Floerkea proserpinacoides (Limnanthaceae) is a spring
ephemeral annual species that grows in deciduous
forests throughout eastern North America. Seeds germinate from late November
to December, although the first
leaf emerges only from late March to early April. Growth begins in early
April at the onset of favourable
temperatures, following snowmelt, and continues through mid-June. Senescence
coincides with increasing air
temperature and decreasing light level as a result of canopy closure. In
this paper, we present the results of a
growth chamber study designed to determine the effect of light level on
growth, biomass allocation and
reproduction of F. proserpinacoides. The study consists of two
parts: in a first experiment, plants were grown at
five constant photosynthetic photon fluence rates (PPFR: 90, 180, 360,
540 or 900 μmol m−2 s−1), and in a
second
experiment, PPFR was reduced from 900 μmol m−2 s−1
to 180 μmol m−2 s−1 after 0, 14, 21,
28 or 35 d of growth.
Relative humidity, temperature, nutrient and water supply were kept constant
in a hydroponic sand culture
experiment. Total biomass, leaf mass and leaf area increased with increasing
PPFR up to 540 μmol m−2 s−1. Plants
grown at the highest (900 μmol m−2 s−1)
and the lowest (90 μmol m−2 s−1) PPFR
had a substantially lower biomass
by the end of the 35-d growth period than plants grown at intermediate
PPFRs (360 or 540 μmol m−2 s−1).

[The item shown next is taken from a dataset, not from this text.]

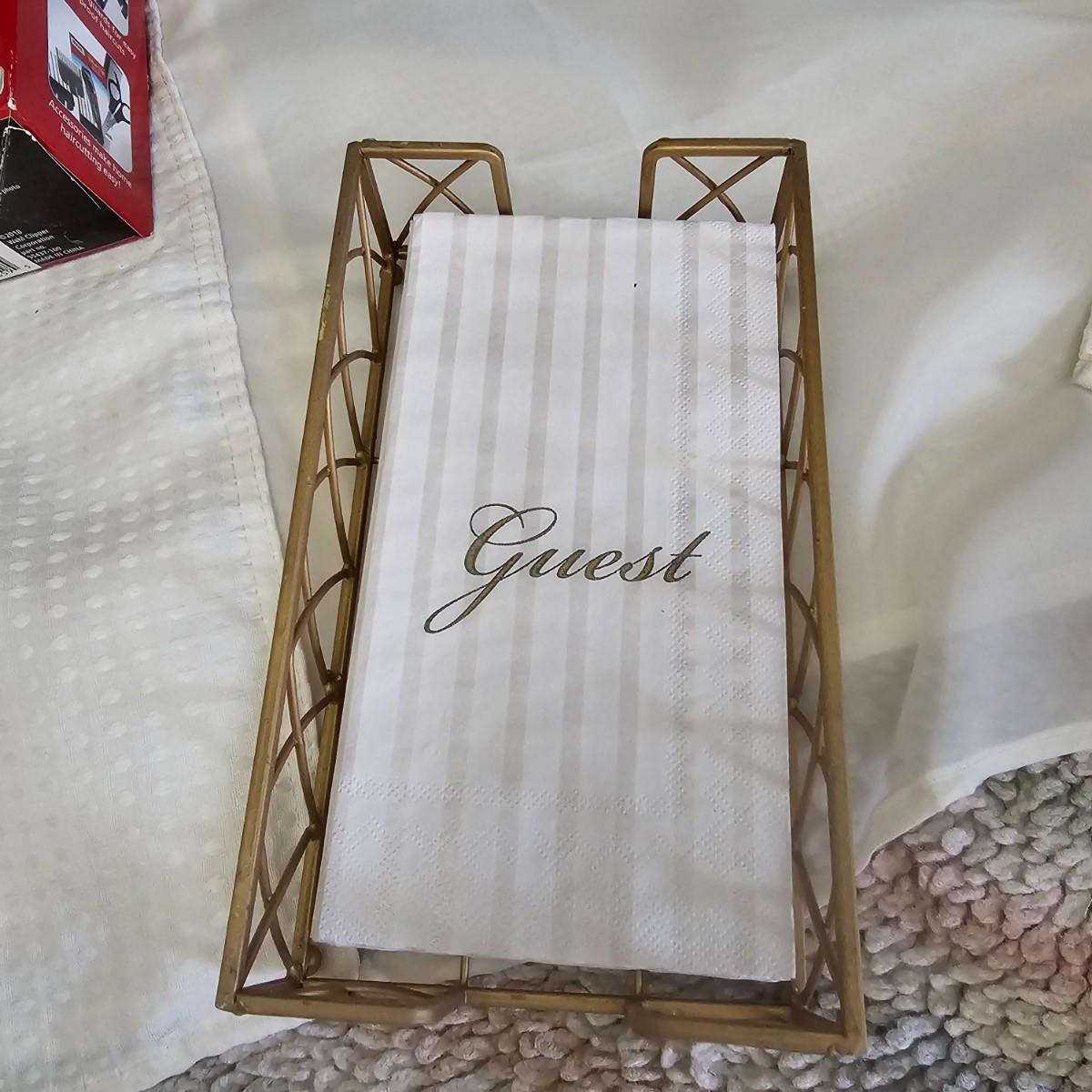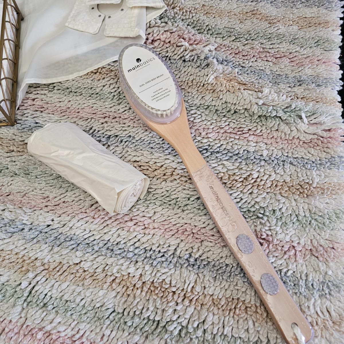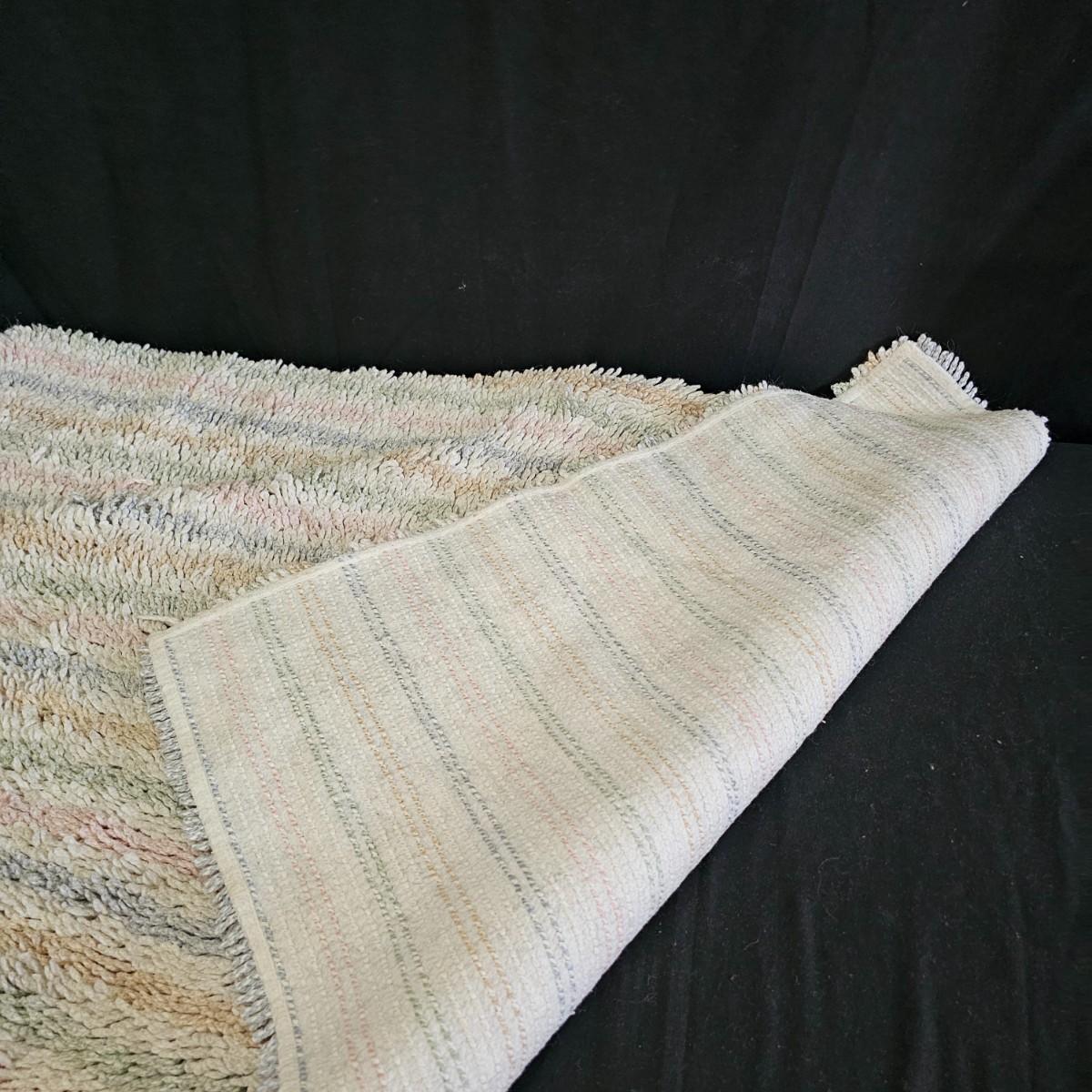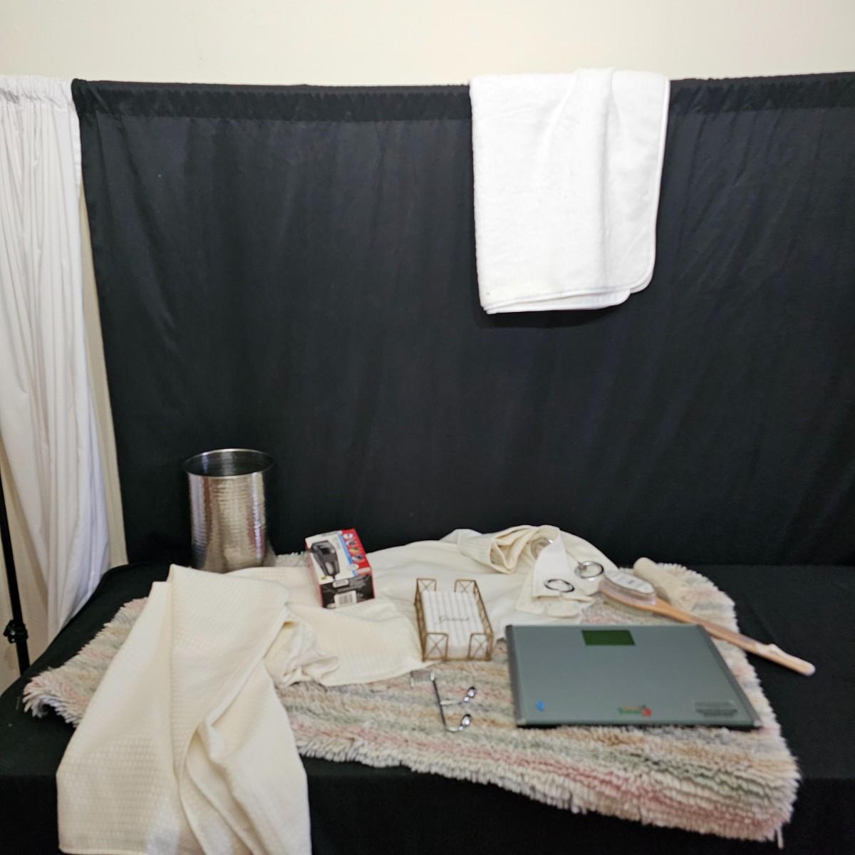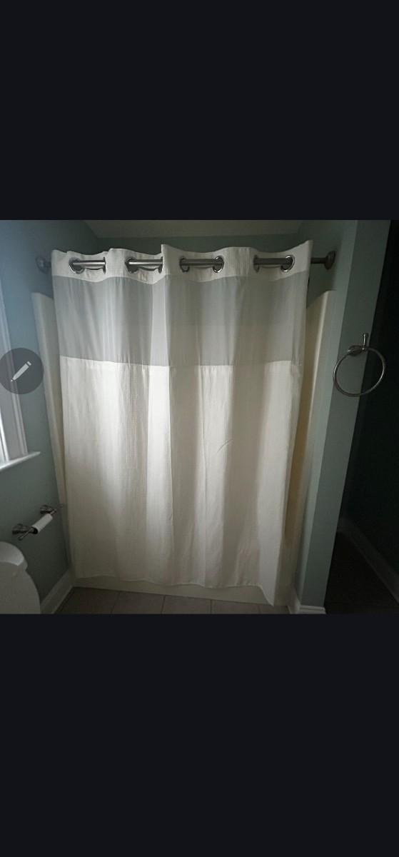 A rug, bath towel, shower curtain and more items for the bath. Large hole shower curtain measures 72" x 72"H. Electronic scale is battery powered, tested working. Aluminum trash can is 8"D x 11"H and the semi shag rug is 30" x 50", has non slip rubber back. See photos for details. Shipping available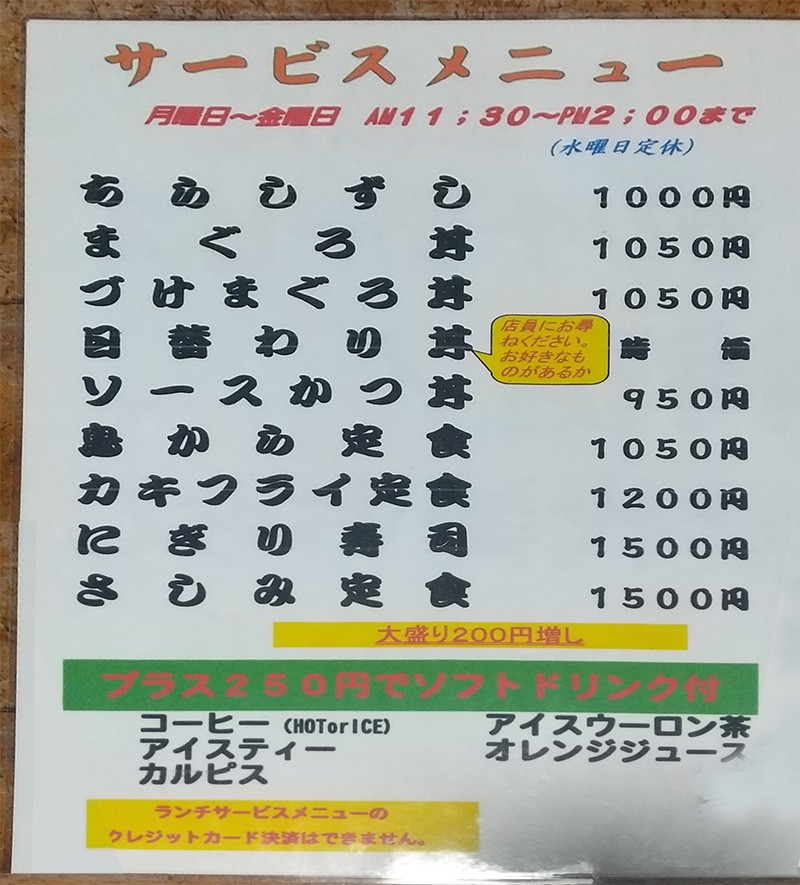 お寿司の他、揚げ物メニューもあります(ソースカツ、カキフライなど)

Despite
differences in total biomass, there were no significant differences in
seed production among treatments. The mean
relative growth rate (RGR) increased with increasing light levels between
90–540 μmol m−2 s−1, and it
was reduced
at 900 μmol m−2 s−1. However, differences
in RGR were not significant among treatments. Specific leaf area did not
vary consistently as a function of light level, whereas leaf area ratio
and leaf mass ratio tended to increase with
increasing PPFR, reaching maximum values at 360–540 μmol m−2
s−1. However, none of these growth variables
differed significantly across the range of PPFR levels. The transfer of
plants to lower PPFR had no significant
effect on any of the growth components. Biomass production for the species
appeared to be optimized at PPFR of
360–540 μmol m−2 s−1. Growth
might be restricted by an insufficient supply of photosynthates at low
PPFR and
by photoinhibitory processes at higher PPFRs.